Senior Policy Manager, Center to Advance Palliative Care

These nine hospice and palliative care organizations work independently to improve quality of life for seriously ill patients by addressing the needs of their constituencies in areas such as education, advocacy, quality improvement, research, etc. While each has been incredibly effective on its own, the field as a whole faces many challenges:

 ⇒Rapid evolution of health care and health policy in the U.S.;
 ⇒Rapid increase in the number of people who would benefit from palliative care and/or hospice services;
 ⇒Rapid proliferation of new interventions/initiatives designed to address the high-need, high-cost populations (some with the patient     and family in mind, some with cost savings in mind), creating much “noise” around the right way to care for these patients;
 ⇒Continued misconceptions about what hospice and palliative care can offer and who is eligible for these services; and
 ⇒Limited resources in our small field.

Using the Four C’s, the Coalition helps the field proactively address these challenges by convening representatives monthly from each organization to strategize on key public policy challenges; improve communication to avoid duplication of effort where possible; and share intellectual resources. We work together to respond to legislative and regulatory opportunities, and are structured to nimbly respond to significant opportunities and threats (e.g., the recent misrepresentation of palliative care by a U.S. Senator). However, the most important function of the Coalition is to initiate and strengthen relationships across the field. As a result of the Coalition, members often feel more comfortable reaching out to each other individually as needed to clarify an issue, brainstorm ideas, and collaborate on new initiatives. By finding natural opportunities to work together, we strengthen each other and increase our impact – both within the field and to external audiences.
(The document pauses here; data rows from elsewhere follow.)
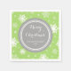 Customisable napkins for the holiday season in charcoal dark grey, light lime green and white festive snowflakes pattern.
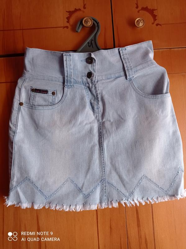 Світло-голуба з протертостями матеріал тягнеться Пояс полуобхват 40 см Бедра полуобхват 50 см Довжина 43-45 см
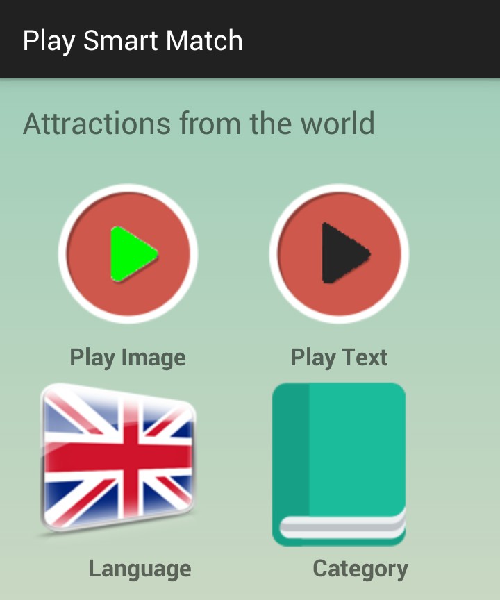 The categories that includes are: "Attractions from all the world", "Box Office stars", "Capital of country", "Constellations", "Country from flag", "Country from capital", "English football", "Famous people", "Olympic sports", "Proverbs" and "Riddles".
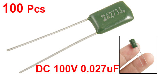 Product Name Polyester Film Capacitors Quantity 100 pieces (±2% ) Model 2A273J Withstand Voltage DC 100V Capacitance 0.027uF Capacitance Tolerance ±5% Body Size 11 x 6 x 3mm/ 0.43" x 0.24" x 0.12" (L*W*T) Lead Spacing 5mm / 0.2" Lead Diameter 0.4mm / 0.016" Weight 37g Main Color Green Package Content 100 x Polyester Film Capacitors - Reviews
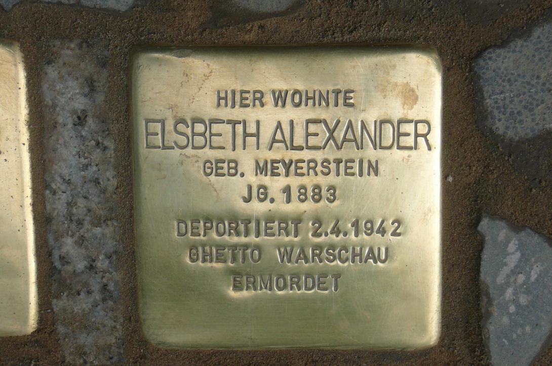 Hans und Elsbeth Alexander sind am 2. April 1942 am Bahnhof Grunewald und am Gleis 17 in einen Zug getrieben worden, der ursprünglich nach Trawniki abgehen sollte, dann aber in das schon überfüllte Warschauer Ghetto umgeleitet wurde. Die 1025 Ankömmlinge wurden zunächst in einer Quarantänestation untergebracht und dann ins Ghetto eingeliefert. Dort sind sie ums Leben gekommen.
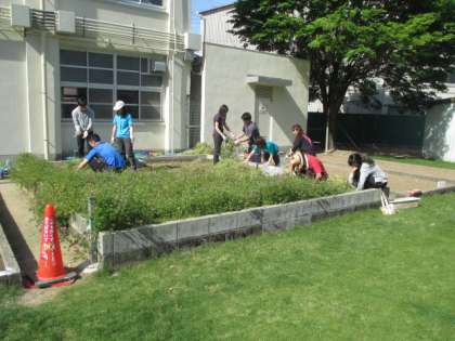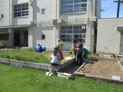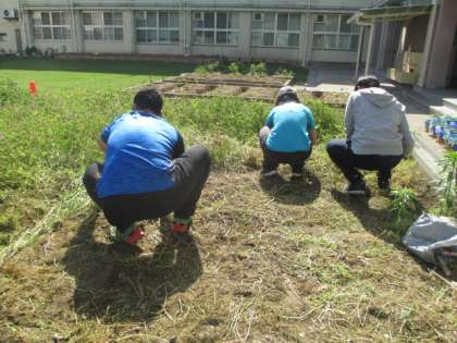 刈り取ったレンゲは、田んぼの肥やしにするため、鋤き込みます。
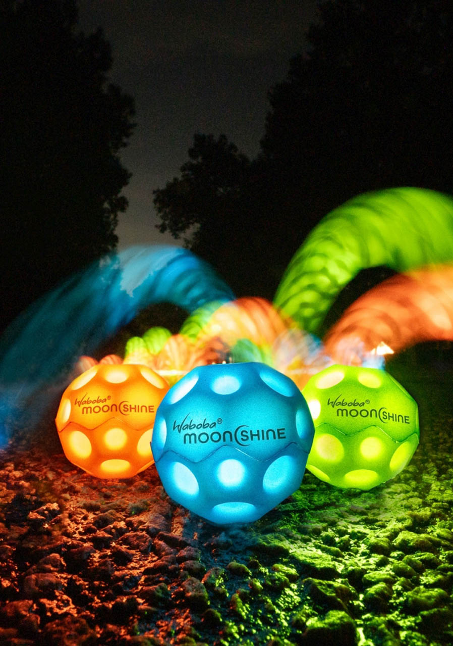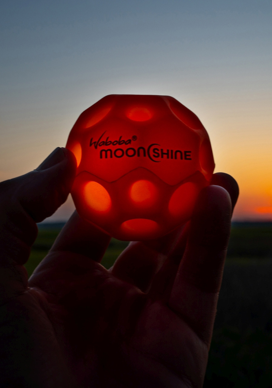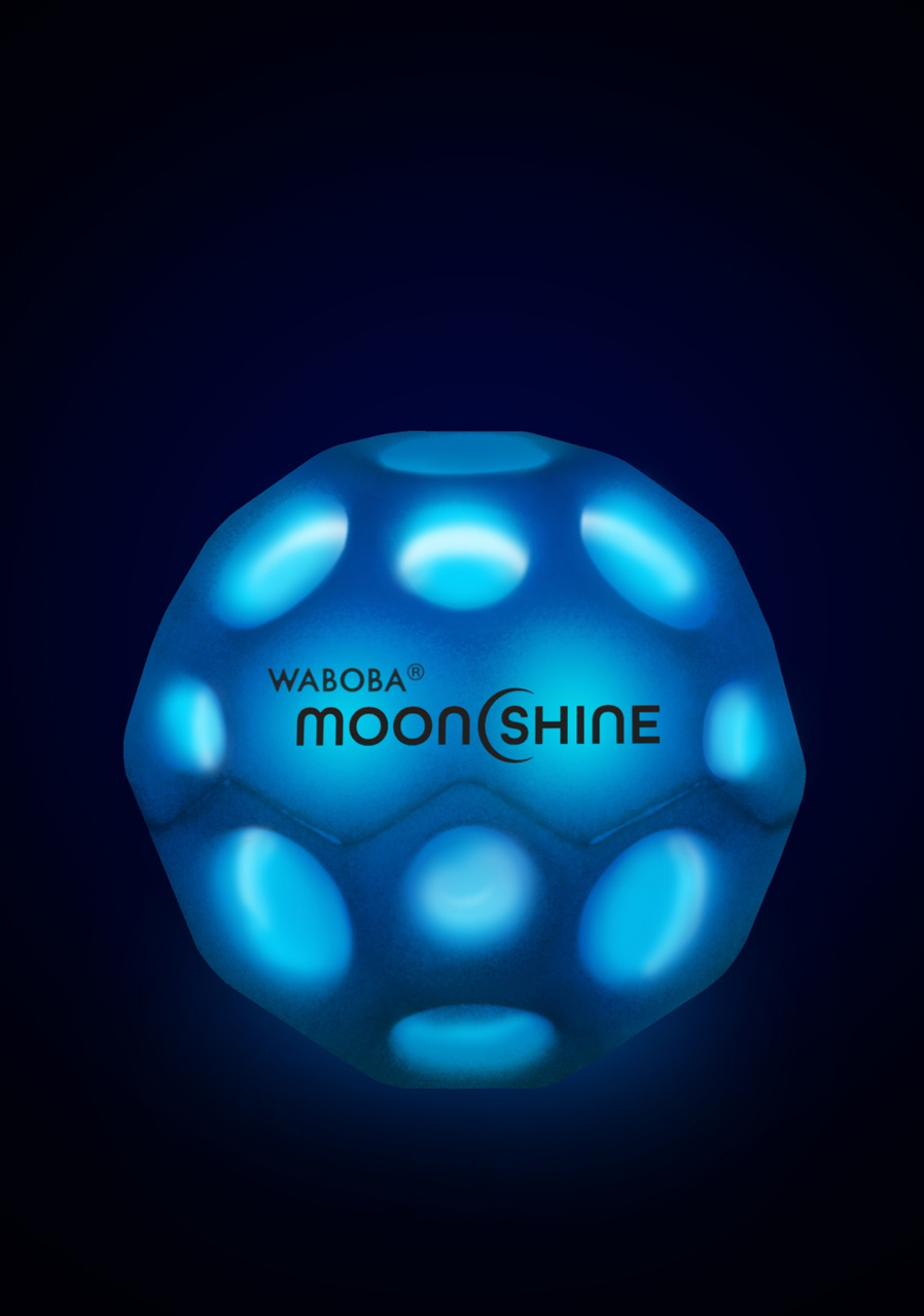 Hyperskákavý míček Waboba Moonshine v modrém provedení přináší ještě více zábavy – při odskoku se rozsvítí a díky tomu je hra atraktivní i za šera nebo v noci. Díky speciálnímu kráterovitému povrchu dosahuje extrémně vysokých a nepředvídatelných odskoků, které dělají každou hru dynamickou a plnou energie. Malý, lehký a skladný míček si snadno vezmete kamkoli – na zahradu, do parku nebo na dovolenou.
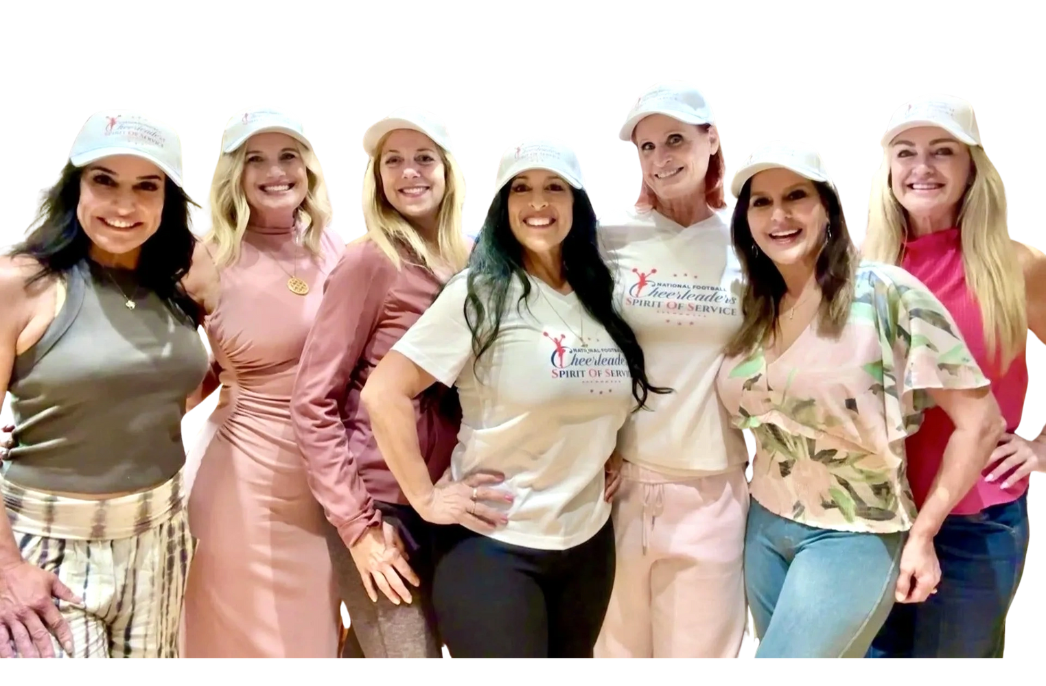 At National Football Cheerleaders Spirit of Service (NFCSOS), we bring together current and former national football cheerleaders with a shared passion for giving back. United by our sisterhood and spirit, we volunteer, fundraise, and partner with nonprofits across the country to uplift communities, spread hope, and make a lasting impact.
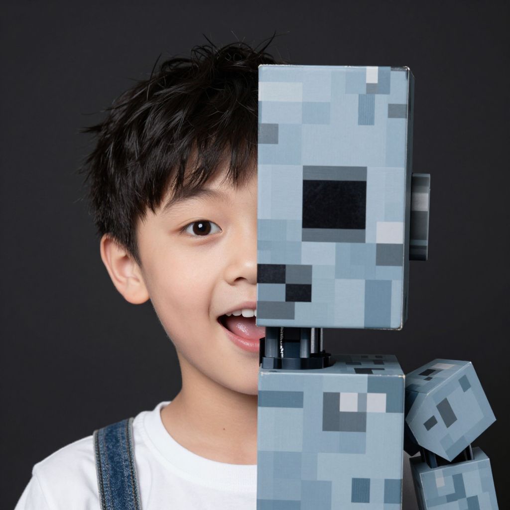 Photograph of an Asian boy with short, dark hair, fair skin, and a cheerful expression, partially obscured by a stack of pixelated Minecraft-style blue cubes. He wears a white shirt with blue denim overalls. The cubes, featuring blocky, pixelated textures, cover the right side of his face and are stacked vertically. The background is solid black, emphasizing the boy and cubes. The image has a playful, digital art feel, blending realistic photography with pixelated elements.
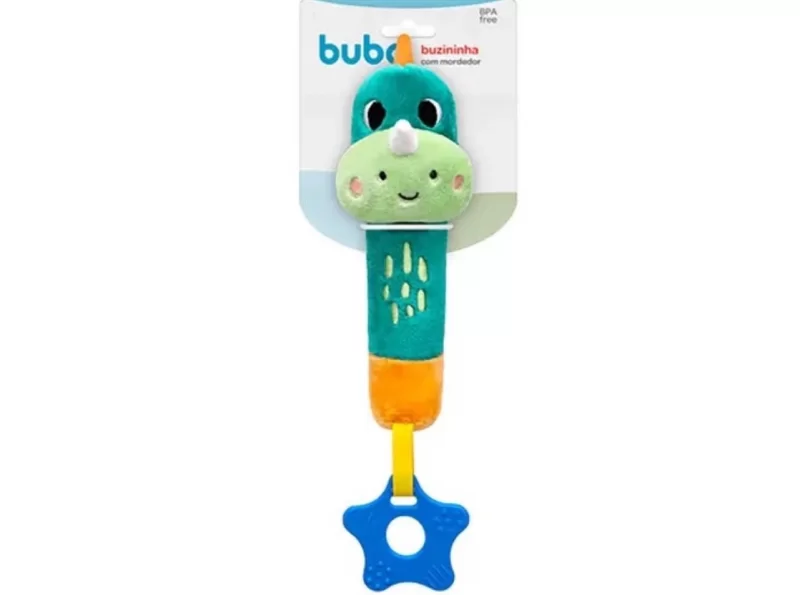A Buzinha com Mordedor Bubazoo Dino da Buba é ideal para entreter e desenvolver os sentidos do bebê. Macia, com som de buzina e tons vibrantes, estimula o tato, a audição e a visão dos pequenos. Possui mordedor, ideal para aliviar o desconforto causado pelo nascimento dos primeiros dentinhos.
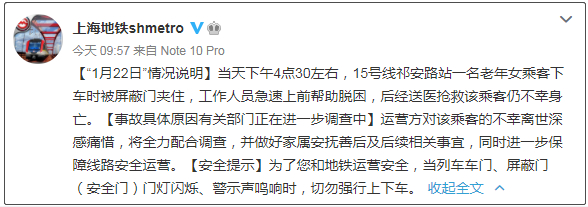1月22日下午4点30左右,上海地铁15号线祁安路站一名老年女乘客下车时被屏蔽门夹住,工作人员急速上前,试图帮助脱困,后经送医抢救该乘客仍不幸身亡。
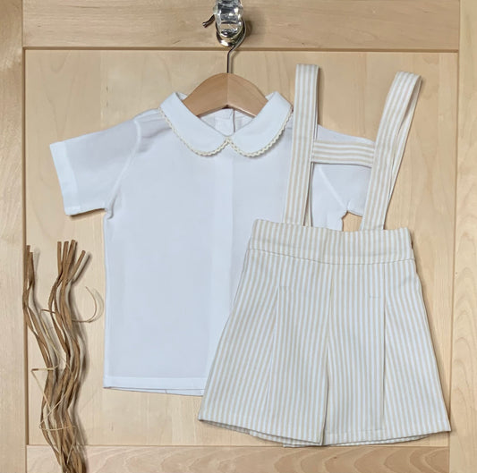 Boys-White Pique Top- Ivory-Vanilla Striped Suspenders Shorts Set-Boy's Clothing
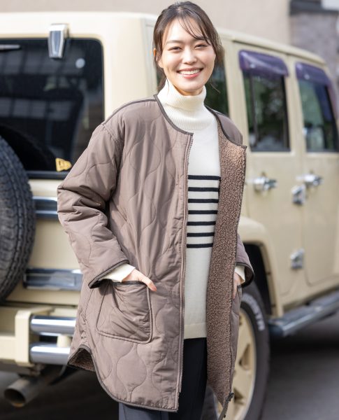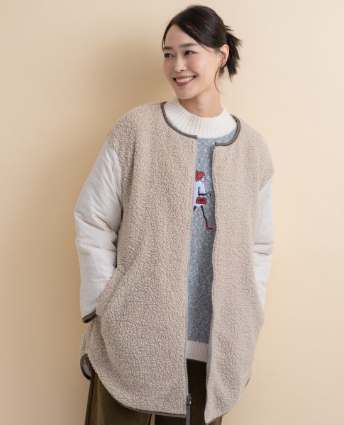 中わた×ボアでしっかり防寒しながらも、着ぶくれしにくいシルエットも嬉しいポイントです。
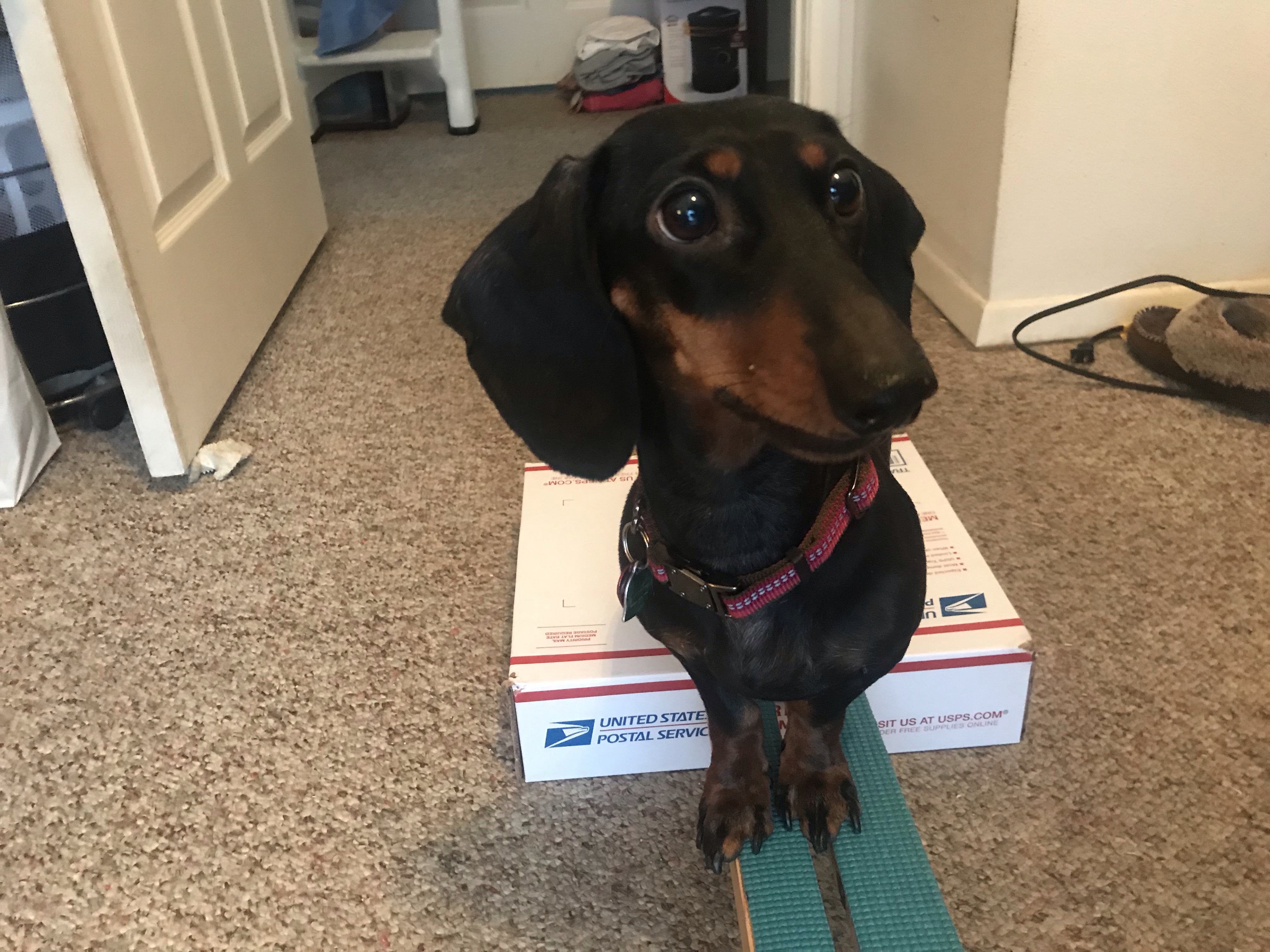 Maybe by later this week, Miss Rhonda will be able to preform this trick with the same jaunty confidence of her big bro, Baxter!

Our next post will describe the Coalition’s structure and its core activities and accomplishments. In the meantime, check out the Coalition’s new website where you can find more information about the work of our Coalition.

2 Comments

  1. Jill McCarthy

    What a great collaboration. Please add me to your mailing list.

    Reply
  2. Ellen Rand

    Glad to hear about the work of the Coalition! There are so many intertwined issues in end-of-life care, so I believe it would be useful to add a number of voices in advancing your work. Among them: long-term care providers and home health care providers (with an emphasis on workforce training and education). Geriatricians. Specialists in dementia care. But most especially: patients themselves, as well as their advocates. Patients’ stories are so powerful and we need to encourage them to be heard, across a variety of media.

    I can tell you that in the course of speaking with groups of consumers via classes I teach about late-life care, or at various senior centers or at special events sponsored by Age Friendly Teaneck, NJ and Holy Name Medical Center in northern NJ, it has become so clear to me that the public is still very much in the dark about precisely what hospice and palliative care services are; how they differ; how they can benefit; and why they should insist on it if faced with serious illness.